- [What to produce] Return the records exactly, keeping every line as it is.

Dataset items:
-- -- --

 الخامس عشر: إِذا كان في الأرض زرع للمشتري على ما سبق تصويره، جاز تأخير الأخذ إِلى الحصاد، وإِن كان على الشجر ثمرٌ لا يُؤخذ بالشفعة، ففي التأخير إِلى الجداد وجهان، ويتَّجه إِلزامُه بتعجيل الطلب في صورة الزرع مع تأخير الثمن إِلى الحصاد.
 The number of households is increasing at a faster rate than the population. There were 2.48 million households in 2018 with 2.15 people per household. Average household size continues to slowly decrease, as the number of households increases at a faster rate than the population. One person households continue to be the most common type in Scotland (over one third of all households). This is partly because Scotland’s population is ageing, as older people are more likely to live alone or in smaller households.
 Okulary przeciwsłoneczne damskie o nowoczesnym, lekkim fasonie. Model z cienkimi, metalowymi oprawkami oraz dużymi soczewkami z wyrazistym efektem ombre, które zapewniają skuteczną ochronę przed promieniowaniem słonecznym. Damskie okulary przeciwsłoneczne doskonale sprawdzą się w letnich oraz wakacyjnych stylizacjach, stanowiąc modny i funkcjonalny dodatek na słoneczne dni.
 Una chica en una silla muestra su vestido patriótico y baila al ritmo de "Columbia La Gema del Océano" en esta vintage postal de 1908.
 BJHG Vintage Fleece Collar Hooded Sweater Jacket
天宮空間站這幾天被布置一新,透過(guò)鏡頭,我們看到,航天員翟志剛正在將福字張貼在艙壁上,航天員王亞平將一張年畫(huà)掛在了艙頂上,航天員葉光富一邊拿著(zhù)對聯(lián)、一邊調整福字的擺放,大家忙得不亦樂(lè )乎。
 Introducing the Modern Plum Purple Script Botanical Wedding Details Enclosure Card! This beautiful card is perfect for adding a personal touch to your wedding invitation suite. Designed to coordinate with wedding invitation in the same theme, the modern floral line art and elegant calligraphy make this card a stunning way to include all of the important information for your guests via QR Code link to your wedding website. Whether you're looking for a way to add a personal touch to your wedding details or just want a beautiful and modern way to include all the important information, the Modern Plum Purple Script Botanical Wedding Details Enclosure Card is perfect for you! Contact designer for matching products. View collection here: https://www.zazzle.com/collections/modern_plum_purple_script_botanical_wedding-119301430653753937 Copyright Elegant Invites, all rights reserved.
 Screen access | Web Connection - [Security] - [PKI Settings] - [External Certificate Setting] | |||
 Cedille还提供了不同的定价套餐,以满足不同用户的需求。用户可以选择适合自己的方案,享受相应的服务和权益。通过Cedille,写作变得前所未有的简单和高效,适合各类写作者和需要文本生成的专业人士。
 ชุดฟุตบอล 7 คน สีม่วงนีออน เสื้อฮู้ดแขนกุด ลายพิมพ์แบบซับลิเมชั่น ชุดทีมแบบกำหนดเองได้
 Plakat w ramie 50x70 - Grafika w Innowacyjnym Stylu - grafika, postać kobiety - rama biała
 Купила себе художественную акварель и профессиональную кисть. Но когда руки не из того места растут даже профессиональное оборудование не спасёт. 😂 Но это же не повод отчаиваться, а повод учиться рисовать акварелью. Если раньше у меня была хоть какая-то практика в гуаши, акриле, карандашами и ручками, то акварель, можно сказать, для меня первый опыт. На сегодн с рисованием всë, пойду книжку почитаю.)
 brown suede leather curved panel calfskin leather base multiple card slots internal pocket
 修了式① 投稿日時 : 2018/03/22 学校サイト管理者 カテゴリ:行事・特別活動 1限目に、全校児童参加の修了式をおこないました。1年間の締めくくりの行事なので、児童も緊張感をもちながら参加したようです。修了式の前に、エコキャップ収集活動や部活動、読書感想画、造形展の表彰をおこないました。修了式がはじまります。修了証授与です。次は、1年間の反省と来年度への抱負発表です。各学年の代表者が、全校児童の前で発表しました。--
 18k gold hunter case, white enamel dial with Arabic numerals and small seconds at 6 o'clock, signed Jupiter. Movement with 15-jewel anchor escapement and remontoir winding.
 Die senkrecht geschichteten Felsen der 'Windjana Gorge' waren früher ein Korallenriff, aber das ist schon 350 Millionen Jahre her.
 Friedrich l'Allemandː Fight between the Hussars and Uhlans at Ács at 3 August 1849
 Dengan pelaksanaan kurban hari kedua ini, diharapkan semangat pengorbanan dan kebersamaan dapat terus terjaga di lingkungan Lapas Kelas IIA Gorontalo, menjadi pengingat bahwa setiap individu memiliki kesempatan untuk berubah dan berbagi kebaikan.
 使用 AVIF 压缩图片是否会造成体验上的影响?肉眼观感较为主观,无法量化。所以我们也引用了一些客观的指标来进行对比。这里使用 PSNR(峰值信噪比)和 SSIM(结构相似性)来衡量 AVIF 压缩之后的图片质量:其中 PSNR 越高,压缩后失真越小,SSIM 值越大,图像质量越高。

-- -- --

- [Answer to this exercise]
 الخامس عشر: إِذا كان في الأرض زرع للمشتري على ما سبق تصويره، جاز تأخير الأخذ إِلى الحصاد، وإِن كان على الشجر ثمرٌ لا يُؤخذ بالشفعة، ففي التأخير إِلى الجداد وجهان، ويتَّجه إِلزامُه بتعجيل الطلب في صورة الزرع مع تأخير الثمن إِلى الحصاد.
 The number of households is increasing at a faster rate than the population. There were 2.48 million households in 2018 with 2.15 people per household. Average household size continues to slowly decrease, as the number of households increases at a faster rate than the population. One person households continue to be the most common type in Scotland (over one third of all households). This is partly because Scotland’s population is ageing, as older people are more likely to live alone or in smaller households.
 Okulary przeciwsłoneczne damskie o nowoczesnym, lekkim fasonie. Model z cienkimi, metalowymi oprawkami oraz dużymi soczewkami z wyrazistym efektem ombre, które zapewniają skuteczną ochronę przed promieniowaniem słonecznym. Damskie okulary przeciwsłoneczne doskonale sprawdzą się w letnich oraz wakacyjnych stylizacjach, stanowiąc modny i funkcjonalny dodatek na słoneczne dni.
 Una chica en una silla muestra su vestido patriótico y baila al ritmo de "Columbia La Gema del Océano" en esta vintage postal de 1908.
 BJHG Vintage Fleece Collar Hooded Sweater Jacket
天宮空間站這幾天被布置一新,透過(guò)鏡頭,我們看到,航天員翟志剛正在將福字張貼在艙壁上,航天員王亞平將一張年畫(huà)掛在了艙頂上,航天員葉光富一邊拿著(zhù)對聯(lián)、一邊調整福字的擺放,大家忙得不亦樂(lè )乎。
 Introducing the Modern Plum Purple Script Botanical Wedding Details Enclosure Card! This beautiful card is perfect for adding a personal touch to your wedding invitation suite. Designed to coordinate with wedding invitation in the same theme, the modern floral line art and elegant calligraphy make this card a stunning way to include all of the important information for your guests via QR Code link to your wedding website. Whether you're looking for a way to add a personal touch to your wedding details or just want a beautiful and modern way to include all the important information, the Modern Plum Purple Script Botanical Wedding Details Enclosure Card is perfect for you! Contact designer for matching products. View collection here: https://www.zazzle.com/collections/modern_plum_purple_script_botanical_wedding-119301430653753937 Copyright Elegant Invites, all rights reserved.
 Screen access | Web Connection - [Security] - [PKI Settings] - [External Certificate Setting] | |||
 Cedille还提供了不同的定价套餐,以满足不同用户的需求。用户可以选择适合自己的方案,享受相应的服务和权益。通过Cedille,写作变得前所未有的简单和高效,适合各类写作者和需要文本生成的专业人士。
 ชุดฟุตบอล 7 คน สีม่วงนีออน เสื้อฮู้ดแขนกุด ลายพิมพ์แบบซับลิเมชั่น ชุดทีมแบบกำหนดเองได้
 Plakat w ramie 50x70 - Grafika w Innowacyjnym Stylu - grafika, postać kobiety - rama biała
 Купила себе художественную акварель и профессиональную кисть. Но когда руки не из того места растут даже профессиональное оборудование не спасёт. 😂 Но это же не повод отчаиваться, а повод учиться рисовать акварелью. Если раньше у меня была хоть какая-то практика в гуаши, акриле, карандашами и ручками, то акварель, можно сказать, для меня первый опыт. На сегодн с рисованием всë, пойду книжку почитаю.)
 brown suede leather curved panel calfskin leather base multiple card slots internal pocket
 修了式① 投稿日時 : 2018/03/22 学校サイト管理者 カテゴリ:行事・特別活動 1限目に、全校児童参加の修了式をおこないました。1年間の締めくくりの行事なので、児童も緊張感をもちながら参加したようです。修了式の前に、エコキャップ収集活動や部活動、読書感想画、造形展の表彰をおこないました。修了式がはじまります。修了証授与です。次は、1年間の反省と来年度への抱負発表です。各学年の代表者が、全校児童の前で発表しました。--
 18k gold hunter case, white enamel dial with Arabic numerals and small seconds at 6 o'clock, signed Jupiter. Movement with 15-jewel anchor escapement and remontoir winding.
 Die senkrecht geschichteten Felsen der 'Windjana Gorge' waren früher ein Korallenriff, aber das ist schon 350 Millionen Jahre her.
 Friedrich l'Allemandː Fight between the Hussars and Uhlans at Ács at 3 August 1849
 Dengan pelaksanaan kurban hari kedua ini, diharapkan semangat pengorbanan dan kebersamaan dapat terus terjaga di lingkungan Lapas Kelas IIA Gorontalo, menjadi pengingat bahwa setiap individu memiliki kesempatan untuk berubah dan berbagi kebaikan.
 使用 AVIF 压缩图片是否会造成体验上的影响?肉眼观感较为主观,无法量化。所以我们也引用了一些客观的指标来进行对比。这里使用 PSNR(峰值信噪比)和 SSIM(结构相似性)来衡量 AVIF 压缩之后的图片质量:其中 PSNR 越高,压缩后失真越小,SSIM 值越大,图像质量越高。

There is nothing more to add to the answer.